**WORK INSTRUCTION**.
Leaving out all pictures, reproduce the entries below exactly, from the first line through the line that contains "3 PACK SILICONE".

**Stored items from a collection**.
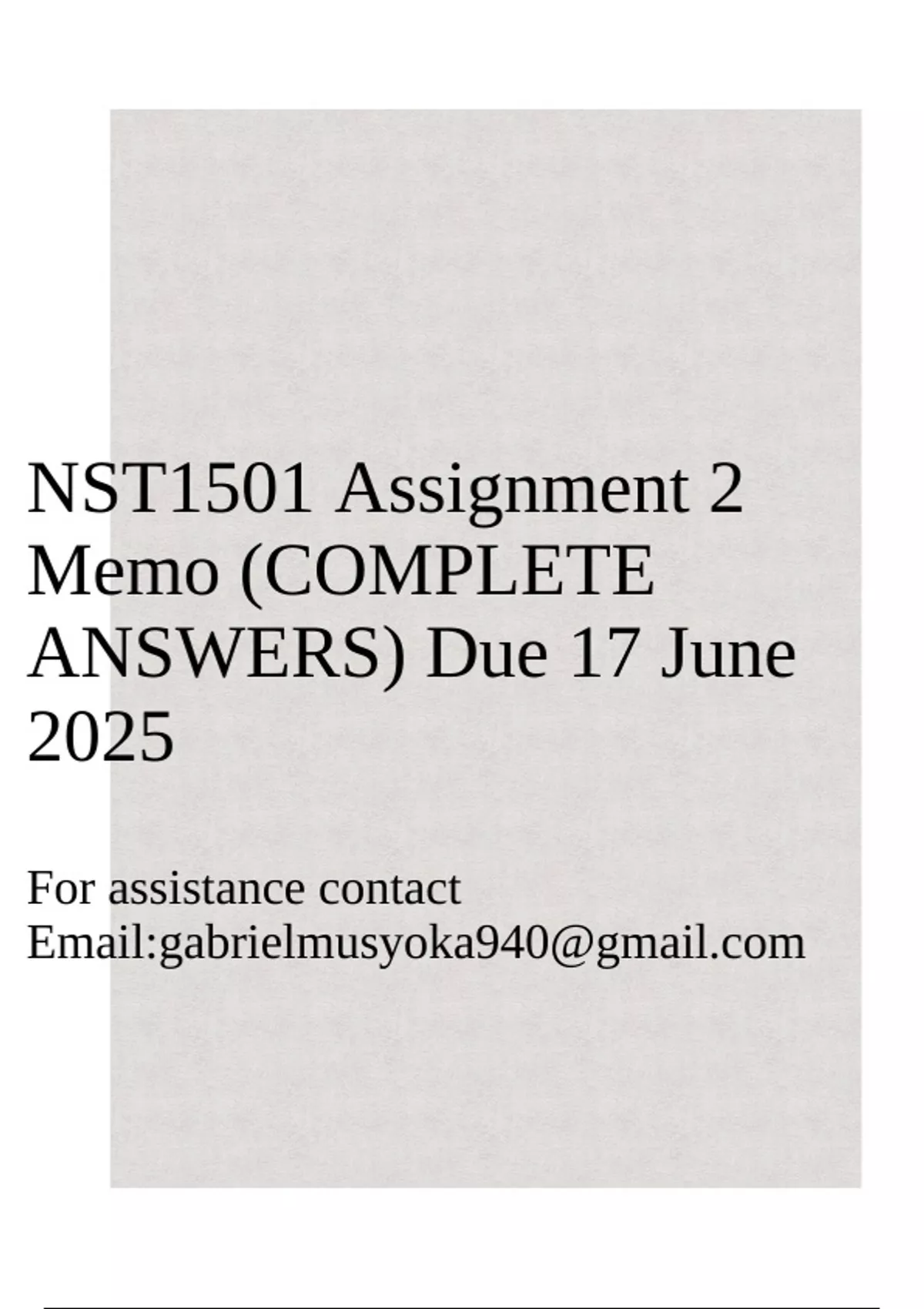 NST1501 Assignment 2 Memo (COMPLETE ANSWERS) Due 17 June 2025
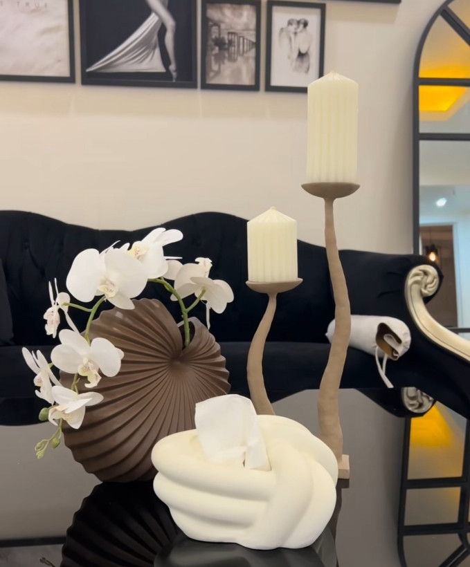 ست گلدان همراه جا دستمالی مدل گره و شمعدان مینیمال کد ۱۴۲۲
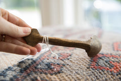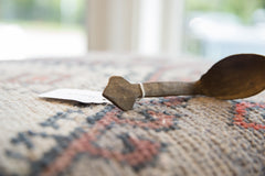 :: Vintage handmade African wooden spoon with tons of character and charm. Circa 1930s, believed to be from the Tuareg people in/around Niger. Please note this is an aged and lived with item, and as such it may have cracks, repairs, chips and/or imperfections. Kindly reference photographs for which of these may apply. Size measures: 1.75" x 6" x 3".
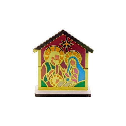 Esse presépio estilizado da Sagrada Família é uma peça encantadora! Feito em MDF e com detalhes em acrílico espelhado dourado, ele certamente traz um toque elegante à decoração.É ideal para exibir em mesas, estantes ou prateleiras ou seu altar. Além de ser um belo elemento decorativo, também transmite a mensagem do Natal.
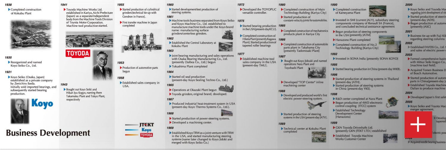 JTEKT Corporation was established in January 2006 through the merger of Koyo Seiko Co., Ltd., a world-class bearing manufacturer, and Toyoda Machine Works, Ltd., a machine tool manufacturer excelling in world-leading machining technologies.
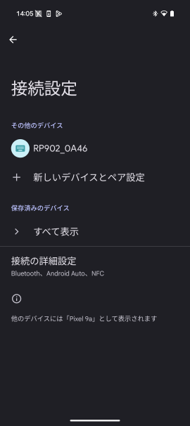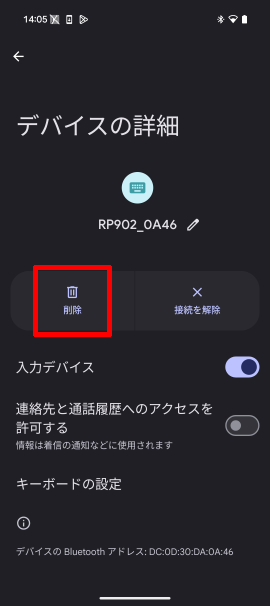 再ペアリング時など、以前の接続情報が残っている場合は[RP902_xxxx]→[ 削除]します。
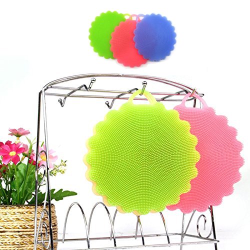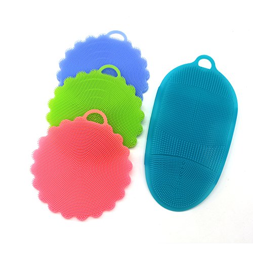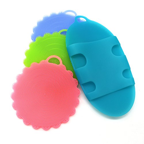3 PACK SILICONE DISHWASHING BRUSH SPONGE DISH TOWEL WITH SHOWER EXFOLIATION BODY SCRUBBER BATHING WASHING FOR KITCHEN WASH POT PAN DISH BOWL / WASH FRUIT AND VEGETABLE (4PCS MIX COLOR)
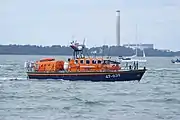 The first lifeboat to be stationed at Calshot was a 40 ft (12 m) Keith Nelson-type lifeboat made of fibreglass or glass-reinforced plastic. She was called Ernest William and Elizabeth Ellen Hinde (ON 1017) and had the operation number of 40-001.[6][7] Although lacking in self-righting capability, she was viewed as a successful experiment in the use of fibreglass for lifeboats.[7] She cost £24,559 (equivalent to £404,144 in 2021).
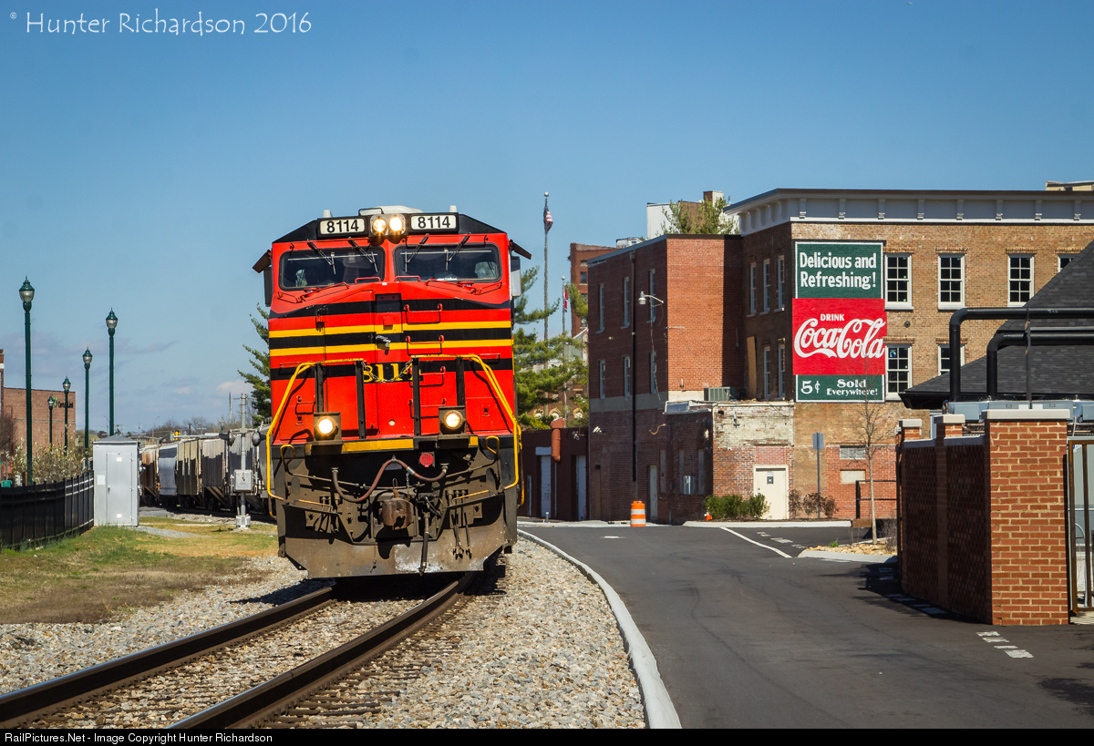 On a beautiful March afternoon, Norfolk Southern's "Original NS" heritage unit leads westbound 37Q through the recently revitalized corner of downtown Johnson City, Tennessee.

**WORKED SOLUTION**.
 NST1501 Assignment 2 Memo (COMPLETE ANSWERS) Due 17 June 2025
 ست گلدان همراه جا دستمالی مدل گره و شمعدان مینیمال کد ۱۴۲۲
 :: Vintage handmade African wooden spoon with tons of character and charm. Circa 1930s, believed to be from the Tuareg people in/around Niger. Please note this is an aged and lived with item, and as such it may have cracks, repairs, chips and/or imperfections. Kindly reference photographs for which of these may apply. Size measures: 1.75" x 6" x 3".
 Esse presépio estilizado da Sagrada Família é uma peça encantadora! Feito em MDF e com detalhes em acrílico espelhado dourado, ele certamente traz um toque elegante à decoração.É ideal para exibir em mesas, estantes ou prateleiras ou seu altar. Além de ser um belo elemento decorativo, também transmite a mensagem do Natal.
 JTEKT Corporation was established in January 2006 through the merger of Koyo Seiko Co., Ltd., a world-class bearing manufacturer, and Toyoda Machine Works, Ltd., a machine tool manufacturer excelling in world-leading machining technologies.
 再ペアリング時など、以前の接続情報が残っている場合は[RP902_xxxx]→[ 削除]します。
3 PACK SILICONE DISHWASHING BRUSH SPONGE DISH TOWEL WITH SHOWER EXFOLIATION BODY SCRUBBER BATHING WASHING FOR KITCHEN WASH POT PAN DISH BOWL / WASH FRUIT AND VEGETABLE (4PCS MIX COLOR)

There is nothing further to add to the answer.